UC: “That’s, that’s her, right?”

Berkett: “Yeah, that’s her.”

Berkett confirmed the person in the picture was the intended victim.
UC: “Confirming that’s the person that we talked about on the uh, on the other piece, right?”

Berkett: “Yeah.”

UC: “Okay. And you’ve already made, you’re already made the uh, the uh… the B payment, right?”

Berkett: “Yeah, I’ve already done that.”

UC: “Okay, good.”

Berkett: “That was confirmed by uh… yeah.”

The undercover agent got Berkett talking about the details of the hit.
UC: “Good. Alright, so my understanding is what has to get done is this has to get done, uh we’re looking at some kind of accident or robbery to have gone wrong, right?”

Berkett: “Yeah.”

UC: “Okay.”

Berkett: “That way it doesn’t get traced.”

UC: “Right, and then we need to work on making sure your alibi is good.
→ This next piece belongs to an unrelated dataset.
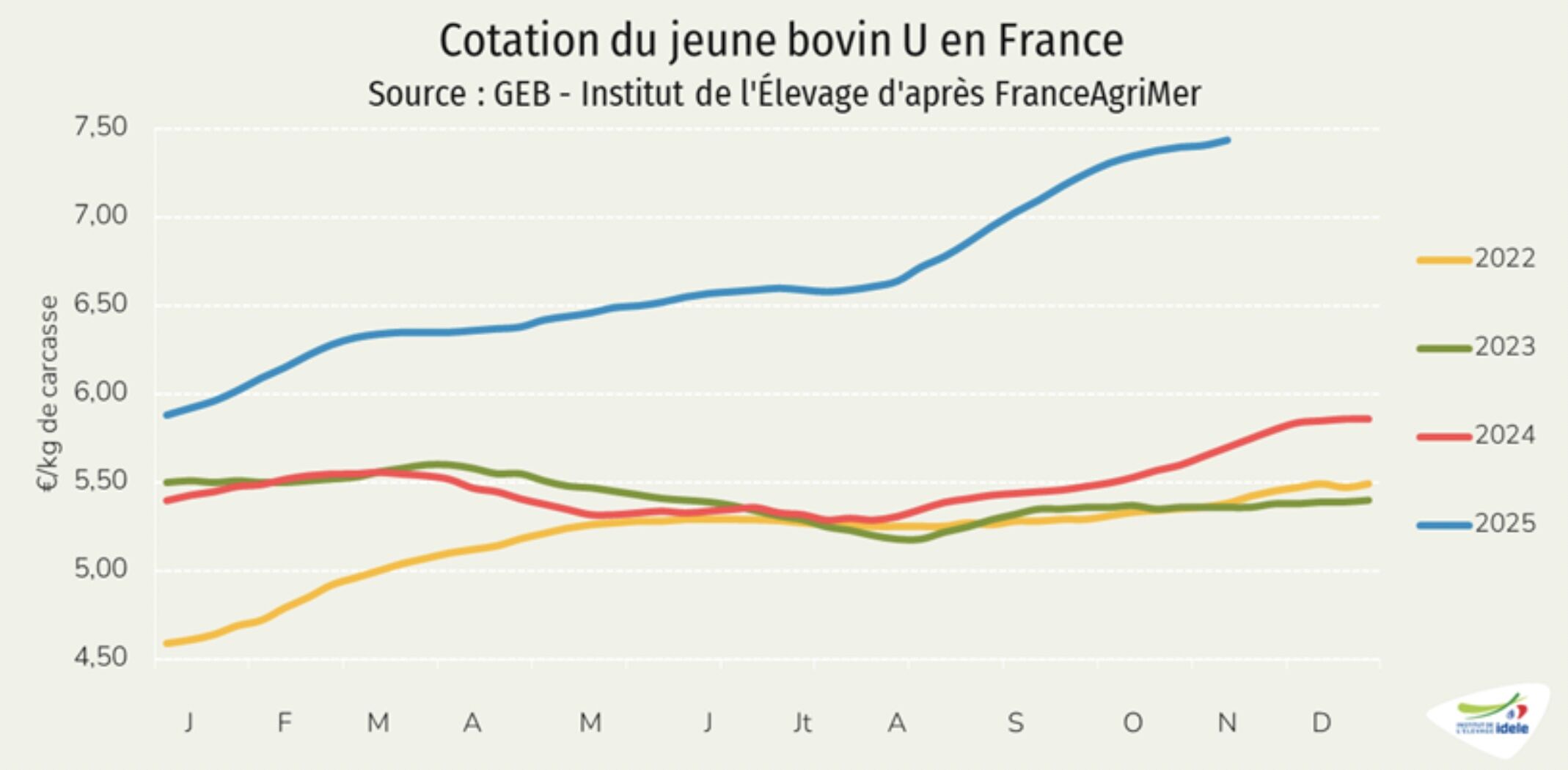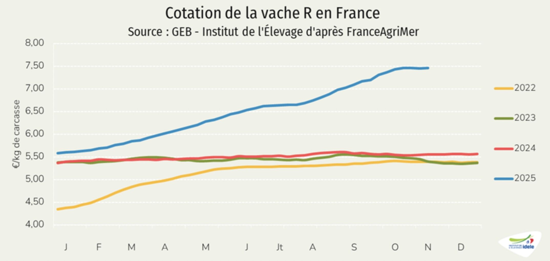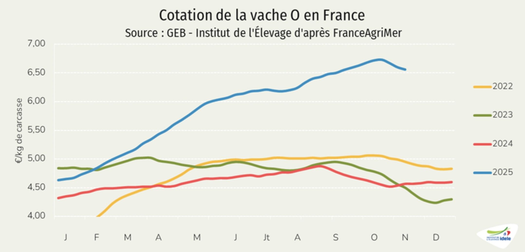 De soin côté, la viande bovine ne s’est jamais aussi bien portée, tout du moins au plan économique, avec des cours qui n’ont jamais été aussi élevés tandis que les coûts de production se réduisent, en en témoigne la dernière livraison d’Agreste, qui fait état d’un baisse de 5,8% du prix des aliments pour gros bovins entre octobre 2024 et octobre 2025.
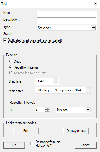 - The task is only performed for the locking devices selected here.

Um, and then we need some, you want some kind of proof, and there’s, if I’m, if I’m getting the information right, it’s some kind of phone that needs to be taken care of as well, right?”

Berkett: “Yeah.”

UC: “Okay.”

Berkett: “Uh, proof of the uh tattoo on her, one of her forearms.”

UC: “Okay. Do you want, is there, do you want that tattoo? Is that part of this?”

Berkett: “Just need a picture of it to verify.”

UC: “Okay, do you, do you want it? Do you, is that, what kind of souvenir do you need, or do you need one?”

Berkett: “Uh, just the photo…

UC: “Just the photo.

Berkett: “…of the tattoo.”

UC: “Okay, so”

Berkett: “It’s distinctive enough that I don’t need a souvenir.”

The undercover agent also convinced Berkett to send him $1,000 via Western Union. Police conducted surveillance at Berkett’s house and followed him to a store, where they watched Berkett bring cash to a counter. Later, Berkett messaged the UC on WhatsApp, “Done. 5350546096.” Investigators later confirmed through the Western Union website that the money had been transferred and was ready for pick up.

Berkett has agreed to enter a guilty plea but will not be able to do so until his next court appearance on June 13, 2022.